Codon-optimise a protein (or coding DNA) for an expression host by picking the most-frequent codon per residue.

Input Schema

TableJSON Schema
NameRequiredDescriptionDefault
proteinYesProtein sequence (one-letter codes). Coding DNA/RNA is accepted and translated in frame +1 up to the first stop codon (residues after an in-frame stop are NOT optimised).
organismNoecoli
inputTypeNoHow to read `protein`. 'auto' guesses from the alphabet (>90% ACGTUN reads as DNA), which mis-files genuine Ala/Cys/Gly/Thr/Asn-only peptides — set 'protein' or 'dna' to force it.auto

TDQS

A3.9/5.0
Behavior4/5

Does the description disclose side effects, auth requirements, rate limits, or destructive behavior?

Annotations already declare readOnlyHint=true and idempotentHint=true. The description adds the deterministic algorithm ('most-frequent codon per residue'), which reinforces idempotency. It does not mention that coding DNA is translated in frame +1 up to the first stop codon (a key behavior), though that detail is captured in the input schema's protein parameter description. Overall, it adds some useful context beyond annotations.

Agents need to know what a tool does to the world before calling it. Descriptions should go beyond structured annotations to explain consequences.

Conciseness5/5

Is the description appropriately sized, front-loaded, and free of redundancy?

The description is a single sentence, front-loaded with the purpose, and contains no superfluous words. It effectively communicates the core function and method in a compact form.

Shorter descriptions cost fewer tokens and are easier for agents to parse. Every sentence should earn its place.

Completeness3/5

Given the tool's complexity, does the description cover enough for an agent to succeed on first attempt?

There is no output schema, and the description does not explicitly state what the tool returns (presumably an optimized DNA sequence). It also omits how the tool handles ambiguous inputs (e.g., protein-only vs DNA) beyond the 'protein' parameter schema. For an agent to know the invocation's result, this is a notable gap, though the tool's simplicity mitigates it.

Complex tools with many parameters or behaviors need more documentation. Simple tools need less. This dimension scales expectations accordingly.

Parameters3/5

Does the description clarify parameter syntax, constraints, interactions, or defaults beyond what the schema provides?

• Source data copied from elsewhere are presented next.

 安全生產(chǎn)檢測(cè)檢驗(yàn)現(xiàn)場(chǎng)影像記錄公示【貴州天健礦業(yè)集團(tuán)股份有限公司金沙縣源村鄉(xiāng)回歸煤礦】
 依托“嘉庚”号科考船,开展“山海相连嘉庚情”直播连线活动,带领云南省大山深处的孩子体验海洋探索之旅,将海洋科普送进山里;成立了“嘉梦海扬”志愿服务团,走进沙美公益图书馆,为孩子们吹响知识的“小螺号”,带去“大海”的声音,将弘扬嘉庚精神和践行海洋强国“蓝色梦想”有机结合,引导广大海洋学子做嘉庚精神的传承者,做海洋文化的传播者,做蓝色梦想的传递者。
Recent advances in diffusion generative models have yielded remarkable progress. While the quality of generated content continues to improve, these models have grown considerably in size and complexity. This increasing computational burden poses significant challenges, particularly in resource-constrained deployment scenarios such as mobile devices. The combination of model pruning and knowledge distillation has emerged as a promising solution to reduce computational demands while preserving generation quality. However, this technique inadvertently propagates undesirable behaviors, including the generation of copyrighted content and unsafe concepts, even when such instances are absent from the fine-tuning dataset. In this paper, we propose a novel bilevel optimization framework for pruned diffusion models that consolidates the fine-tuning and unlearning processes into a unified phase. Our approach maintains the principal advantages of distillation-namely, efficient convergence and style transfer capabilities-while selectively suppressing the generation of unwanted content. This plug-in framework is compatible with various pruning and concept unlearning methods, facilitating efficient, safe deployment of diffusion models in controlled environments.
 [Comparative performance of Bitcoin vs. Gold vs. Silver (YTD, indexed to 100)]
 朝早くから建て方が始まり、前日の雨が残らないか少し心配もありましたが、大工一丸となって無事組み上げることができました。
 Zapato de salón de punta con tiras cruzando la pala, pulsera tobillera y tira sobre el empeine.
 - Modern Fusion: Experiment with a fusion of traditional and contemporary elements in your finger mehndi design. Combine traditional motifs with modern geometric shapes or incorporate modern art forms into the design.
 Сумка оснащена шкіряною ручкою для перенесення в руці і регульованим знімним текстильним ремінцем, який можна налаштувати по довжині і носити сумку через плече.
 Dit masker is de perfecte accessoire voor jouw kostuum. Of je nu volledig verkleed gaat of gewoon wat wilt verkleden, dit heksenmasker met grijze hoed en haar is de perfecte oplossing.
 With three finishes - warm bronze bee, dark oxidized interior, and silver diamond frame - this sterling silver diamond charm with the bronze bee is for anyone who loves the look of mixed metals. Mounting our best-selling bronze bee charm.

Schema description coverage is 67%, with detailed descriptions for 'protein' and 'inputType'. The main description adds the term 'expression host' which maps to the 'organism' parameter, but does not further explain the 'organism' enum or default. The schema itself provides sufficient meaning for all parameters, so the description does not need to compensate much.

Input schemas describe structure but not intent. Descriptions should explain non-obvious parameter relationships and valid value ranges.

Purpose5/5

Does the description clearly state what the tool does and how it differs from similar tools?

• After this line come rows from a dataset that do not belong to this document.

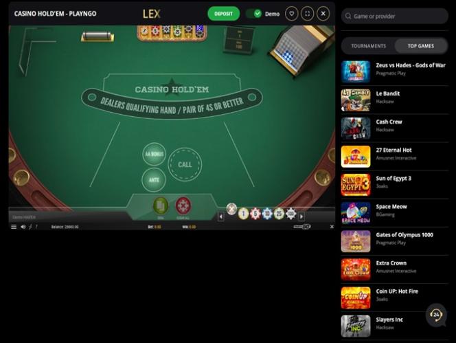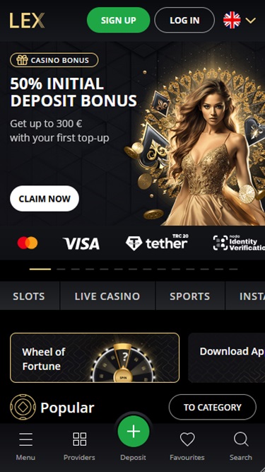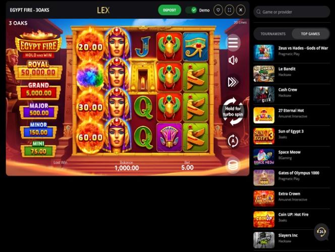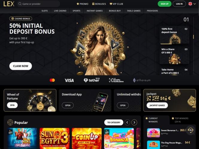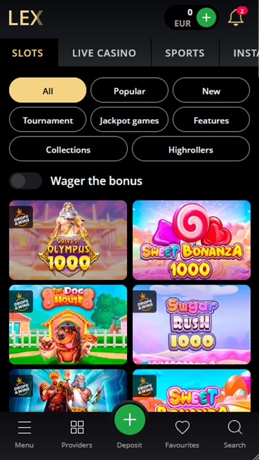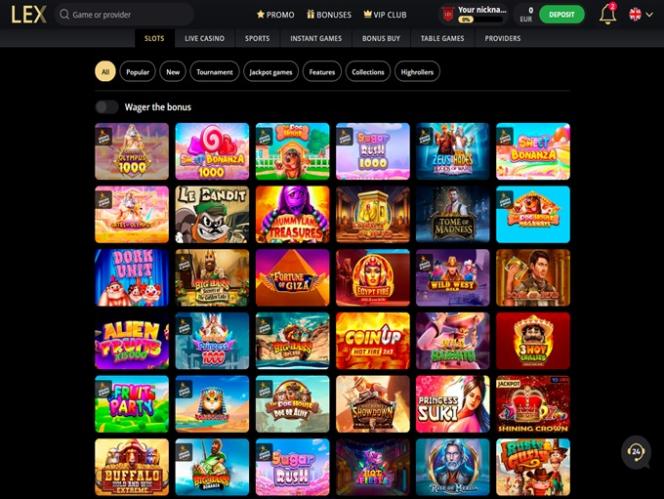 さらに、LEXカジノではウェブサイト上部に横長のメニューがあり、主要なギャンブルオプション、プロモーション、ボーナス、VIPクラブにすぐにアクセスできます。このメニューから、ウェブサイトの言語を英語、ロシア語、ドイツ語、ポルトガル語、スペイン語、フランス語に切り替えることもできます。
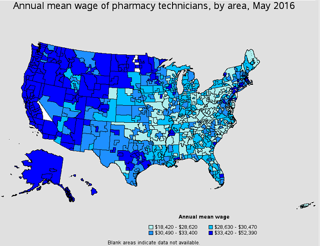 Pharmacy Technician Average Wages![]() Source: Bureau of Labor Statistics, Occupational Employment Statistics, May 2016 |
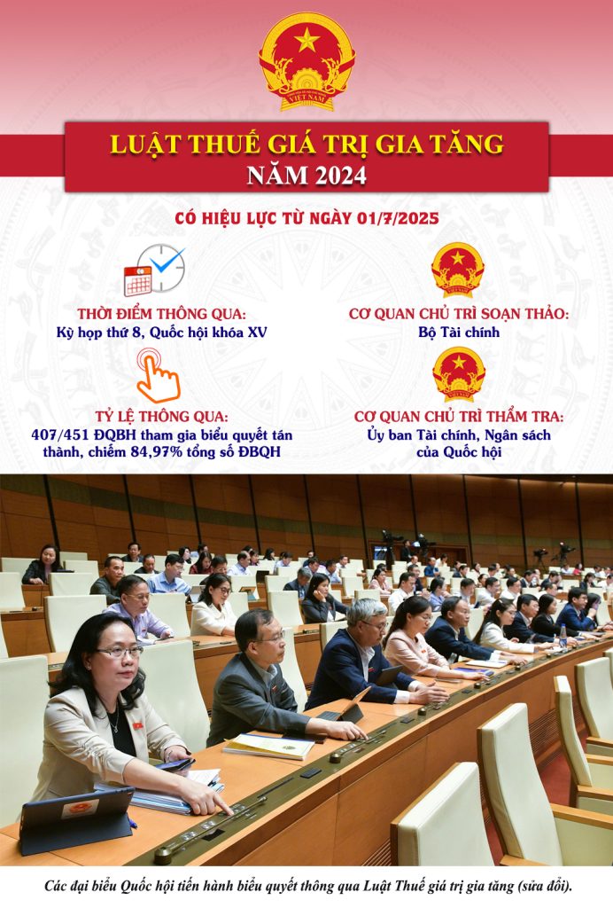 Luật Thuế giá trị gia tăng (GTGT) năm 2024 gồm 4 chương, 18 điều, có hiệu lực từ ngày 01/7/2025. Ngoài những nội dung kế thừa quy định Luật hiện hành, những nội dung mới được sửa đổi, bổ sung chủ yếu liên quan tới người nộp thuế, đối tượng không chịu thuế GTGT, giá tính thuế, thuế suất, khấu trừ thuế GTGT đầu vào… Cổng Thông tin điện tử Quốc hội trân trọng giới thiệu 6 điểm mới nổi bật của Luật Thuế GTGT năm 2024:
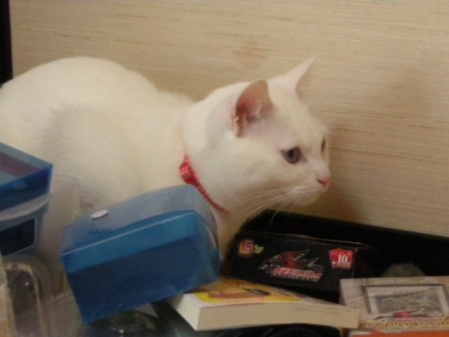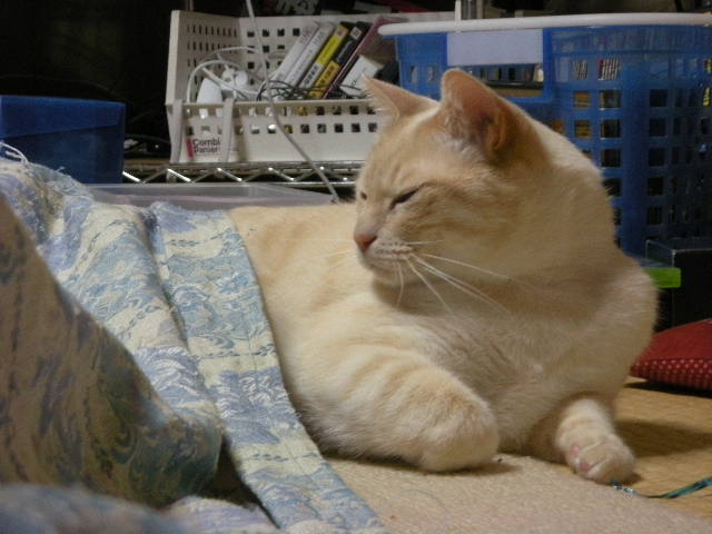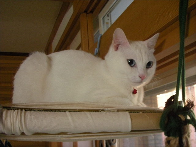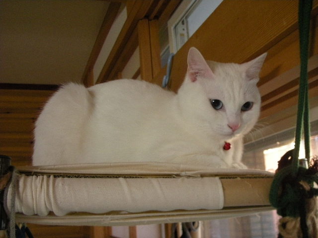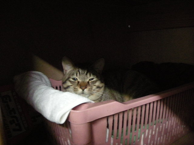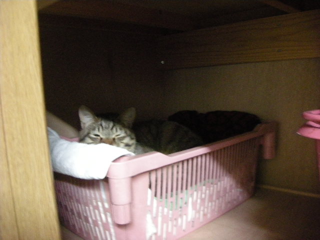 クロゼットの棚の上で、最初は困ったことに服の中に寝ていたので、オークのためにベッドを用意したらお気に入りになりました。
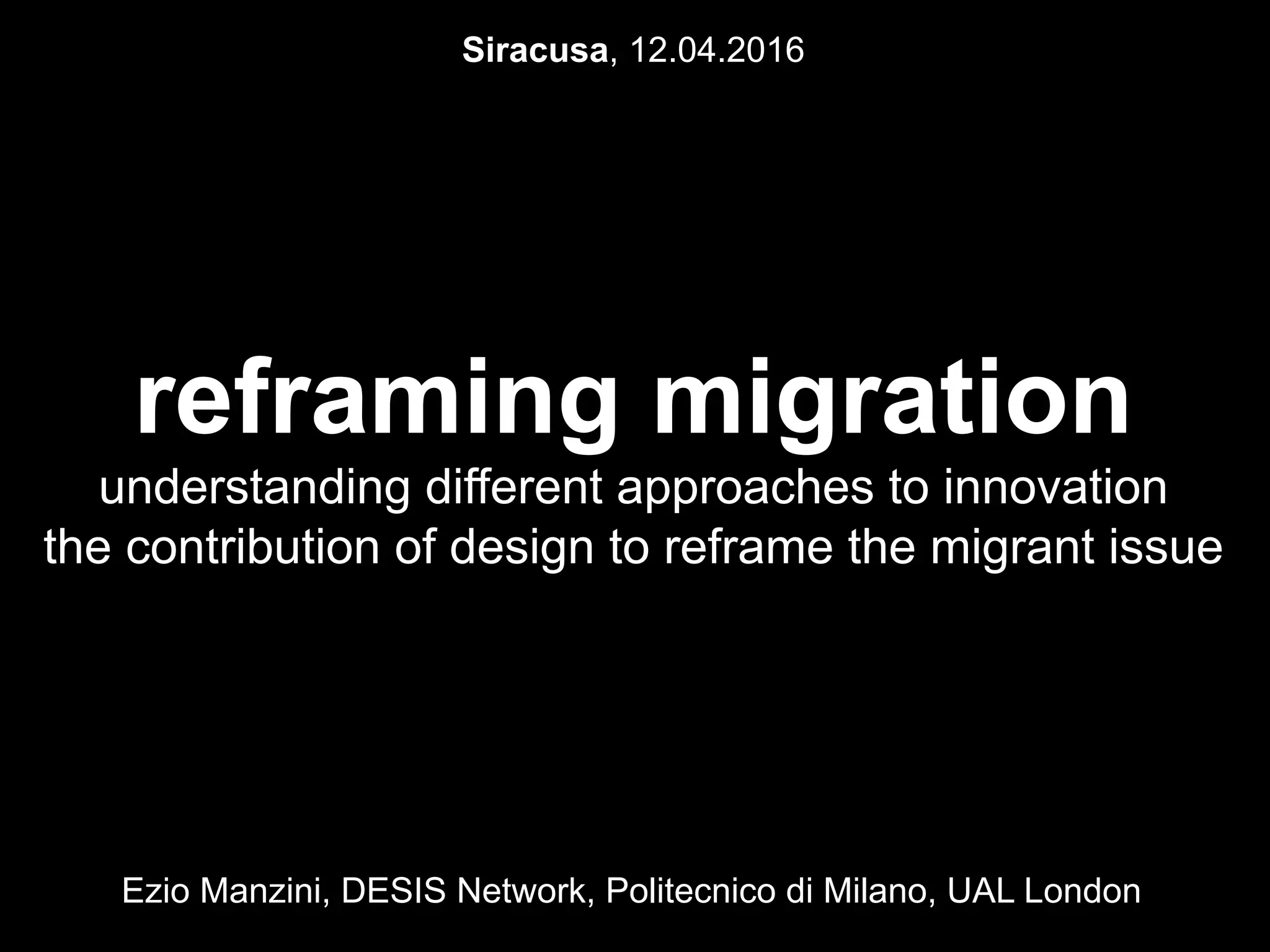 Il documento esplora l'innovazione sociale e il design nel contesto delle migrazioni, evidenziando l'importanza di approcci umani e collaborativi. Propone soluzioni pratiche per affrontare le sfide migratorie e promuovere la coesione sociale attraverso iniziative comunitarie e servizi integrativi. Viene sottolineata la necessità di riformulare il modo in cui percepiamo i migranti, trattandoli come individui con risorse e potenziali da valorizzare.

The description uses a specific verb ('Codon-optimise') with a clear resource ('a protein (or coding DNA)') and states the method ('picking the most-frequent codon per residue'). It clearly distinguishes from siblings like 'reverse_translate' (which does not optimize for a host) and 'codon_adaptation_index' (which computes a score, not an optimized sequence).

Agents choose between tools based on descriptions. A clear purpose with a specific verb and resource helps agents select the right tool.

Usage Guidelines3/5

Does the description explain when to use this tool, when not to, or what alternatives exist?

The description implies use for host-specific codon optimization ('for an expression host'), but does not explicitly state when to use this tool versus alternatives or when not to use it. Sibling tools like 'reverse_translate' are not mentioned as alternatives, and no exclusions are provided.

Agents often have multiple tools that could apply. Explicit usage guidance like "use X instead of Y when Z" prevents misuse.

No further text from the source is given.